## Task instructions
Return every line of the records, exact and in full, until you have returned the line with "Terbuat dari tanah", and include none of the pictures.

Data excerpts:

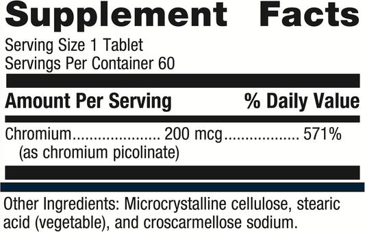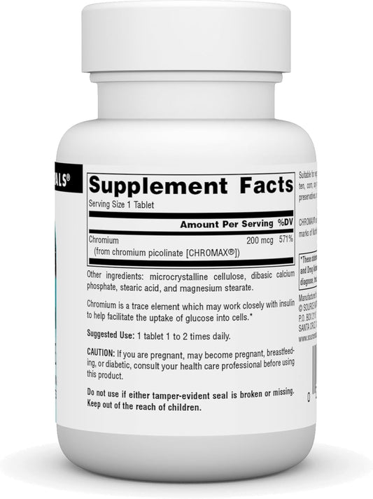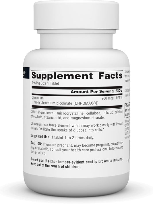 Source Naturals Chromium Picolinate 200 mcg - 60 Tablets | Yeast-Free Chromium Supplement
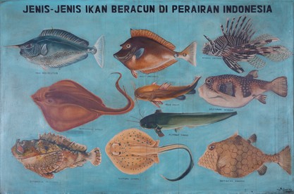Terbuat dari tanah liat, bentuk bulat cekung dan berkaki dan berkaki, berglasir warna abu-abu, retak seribu, bibir rata, bagian tengah dalam dan kaki tidak diglasir, dasar bawah rata tanpa glasir. Pada permukaan atas dan bawah terdapat sisa-sisa karang laut yang menempel. Cina, Dinasti Sung abad 10-13 M.
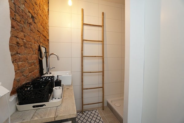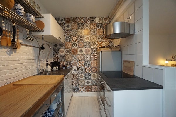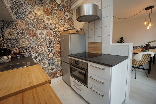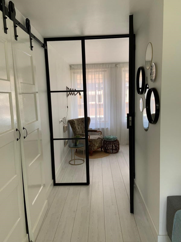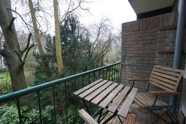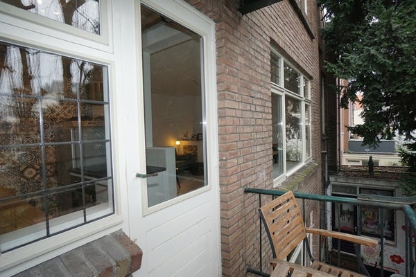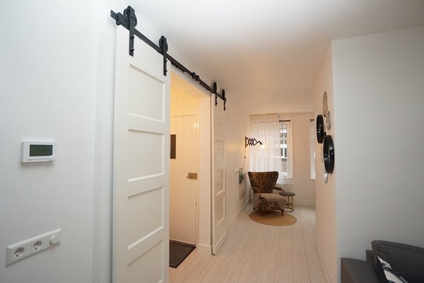 Indeling: Afgesloten entree met bellen tableau en brievenbussen.1e verdieping Binnenkomst in de hal met toegang tot alle vertrekken.De woonkamer is gelegen aan de achterzijde met uitzicht over groen en beschikt over een zitbank en eettafel. De half open nieuwe keuken is voorzien van veel kook- en opbergruimte, een koelkast met vriesvak, elektrische kookplaat en vaatwasser. Vanuit de keuken is er toegang tot een charmant balkonnetje.De slaapkamer is gelegen aan de voorzijde en voorzien van een tweepersoonsbed en een garderobekast. De badkamer is uitgerust met een inloopdouche, wastafel met spiegel en toilet.
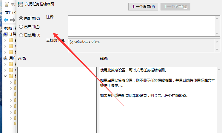 5、在“關閉任務欄縮略圖”對話框中,將其設置更改為“未配置”選項,然后在點擊“應用-->確定”按鈕退出即可。如圖所示;
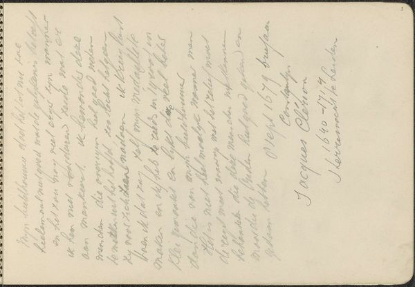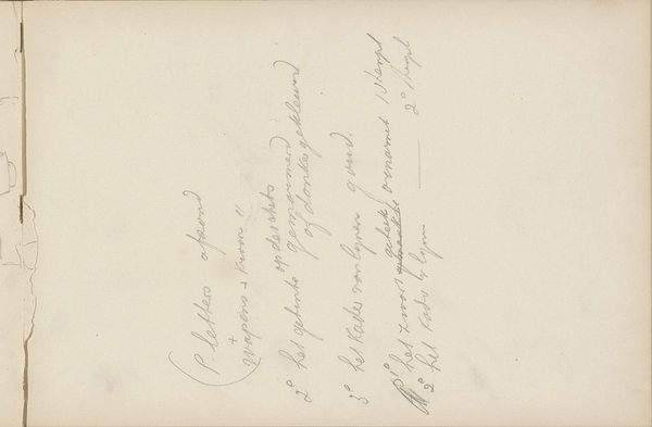 Carel Adolph Lion Cachet made this fragment from Andries Pels’ ‘Gebruik en misbruik des Toneels’ uit 1681. The off-white page, filled with cursive handwriting, immediately draws us into a space of intimate reflection, almost as if we're deciphering a personal diary. The script, rendered in delicate, almost ethereal strokes, creates a visual rhythm across the page, hinting at layers of meaning beyond the immediately legible. The act of handwriting itself becomes a focal point, a semiotic code that speaks to the passage of time. It suggests a moment of contemplation, echoing the themes within the original text by Andries Pels on the use and abuse of theatre. Cachet seems to be engaging with the historical and intellectual context of Pels' work, using the formal qualities of script and page to challenge fixed meanings. The visible texture of the page, combined with the cursive script, turns this fragment into an ongoing dialogue between past and present.
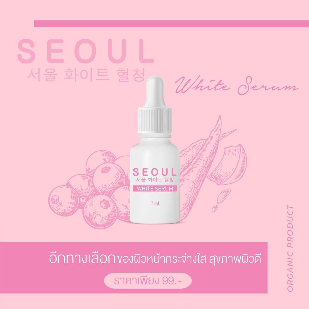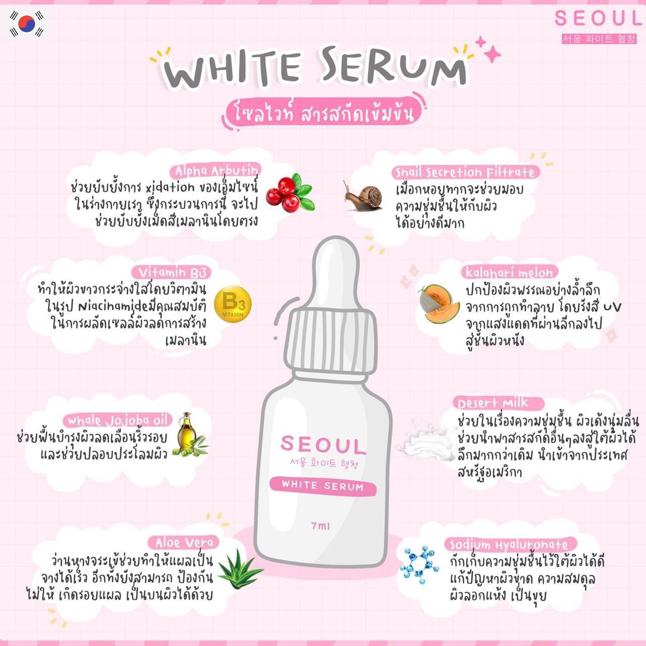 โซล ไวท์เซรั่ม Seoul White Serum 🌟 ผิวหน้ากระจ่างใส 🌟 ผิวหน้านุ่ม ชุ่มชื้น 🌟 กระชับรูขุมขน 🌟 ผลัดเซลล์ผิวเก่า 🌟 บำรุงผิวให้แข็งแรง 🌟 มีส่วนช่วยลด ฝ้า กระ |
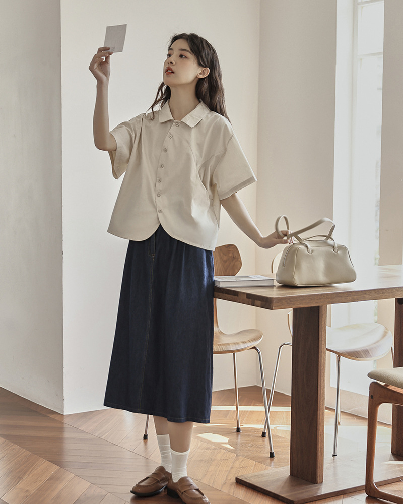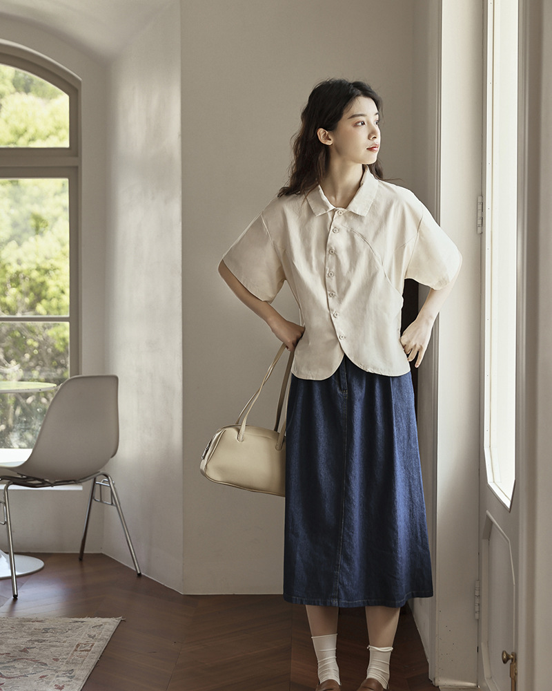 女法式小衆不規則休閒短袖襯衣
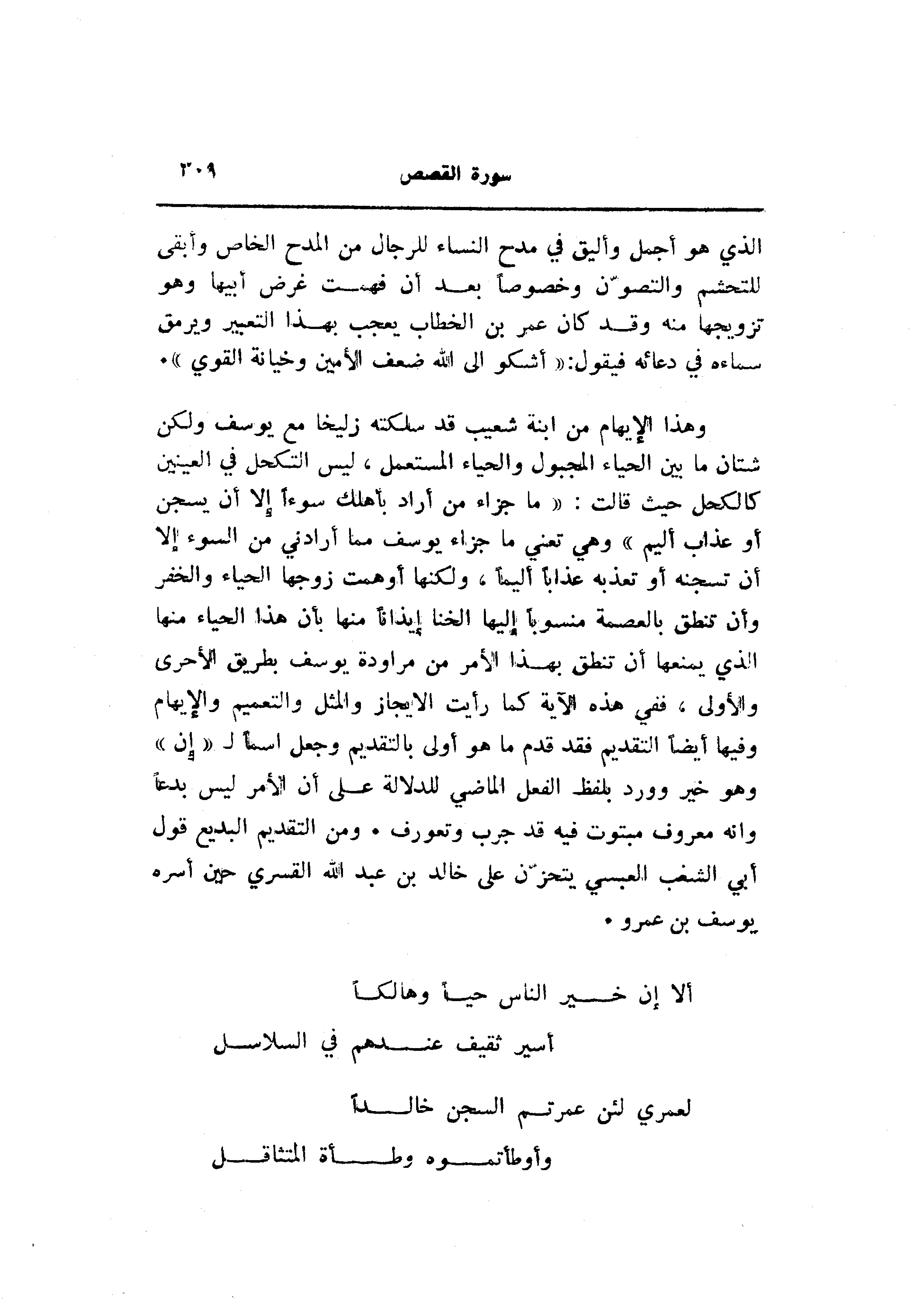 وهذا الإيهام من ابنة شعيب قد سلكته زليخا مع يوسف ولكن شتان ما بين الحياء المجبول والحياء المستعمل، ليس التكحل في العينين كالكحل حيث قالت: «ما جزاء من أراد بأهلك سوءا إلا أن يسجن أو عذاب أليم» وهي تعني ما جزاء يوسف مما أرادني من السوء إلا أن تسجنه أو تعذبه عذابا أليما، ولكنها أو همت زوجها الحياء والخفر وأن تنطق بالعصمة منسوبا إليها الخنا إيذانا منها بأن هذا الحياء منها الذي يمنعها أن تنطق بهذا الأمر من مراودة يوسف بطريق الأحرى والأولى، ففي هذه الآية كما رأيت الإيجاز والمثل والتعميم والإيهام وفيها أيضا التقديم فقد قدم ما هو أولى بالتقديم وجعل اسما ل «إن» وهو خير وورد بلفظ الفعل الماضي للدلالة على أن الأمر ليس بدعا وانه معروف مبتوت فيه قد جرب وتعورف. ومن التقديم البديع قول أبي الشغب العبسي يتحزّن على خالد بن عبد الله القسري حين أسره يوسف بن عمرو.
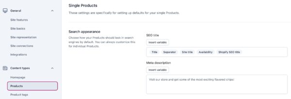 Under Content types, confirm that you’re happy with the variables chosen for the SEO title and meta description. These variables determine your content’s appearance in search results. If you leave these fields empty, our app will rely on data entered through Shopify.
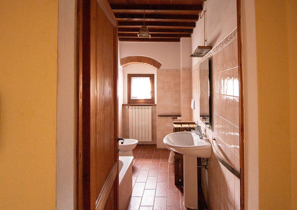 Gli spazi sono ampi e luminosi, ristrutturati finemente con soffitto in travi a vista e pavimenti in cotto.
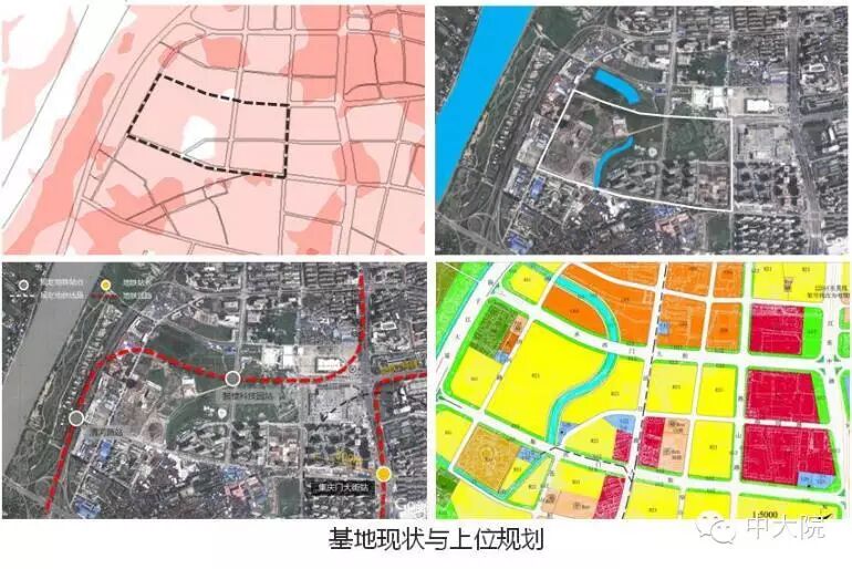 基地位于南京河西新城区北部地区,总规划用地面积约65.99ha,北部和西部有两处地铁9号线站点,距东侧地铁2号线站点550米。基地北侧为南京国际服务外包产业园;南侧为江苏省老年公寓和规划居住用地;西侧与长江相隔1个街区;东侧为万达广场城市综合体。基地内部有一条城市市政河道。

## The completed task
 Source Naturals Chromium Picolinate 200 mcg - 60 Tablets | Yeast-Free Chromium Supplement
Terbuat dari tanah liat, bentuk bulat cekung dan berkaki dan berkaki, berglasir warna abu-abu, retak seribu, bibir rata, bagian tengah dalam dan kaki tidak diglasir, dasar bawah rata tanpa glasir. Pada permukaan atas dan bawah terdapat sisa-sisa karang laut yang menempel. Cina, Dinasti Sung abad 10-13 M.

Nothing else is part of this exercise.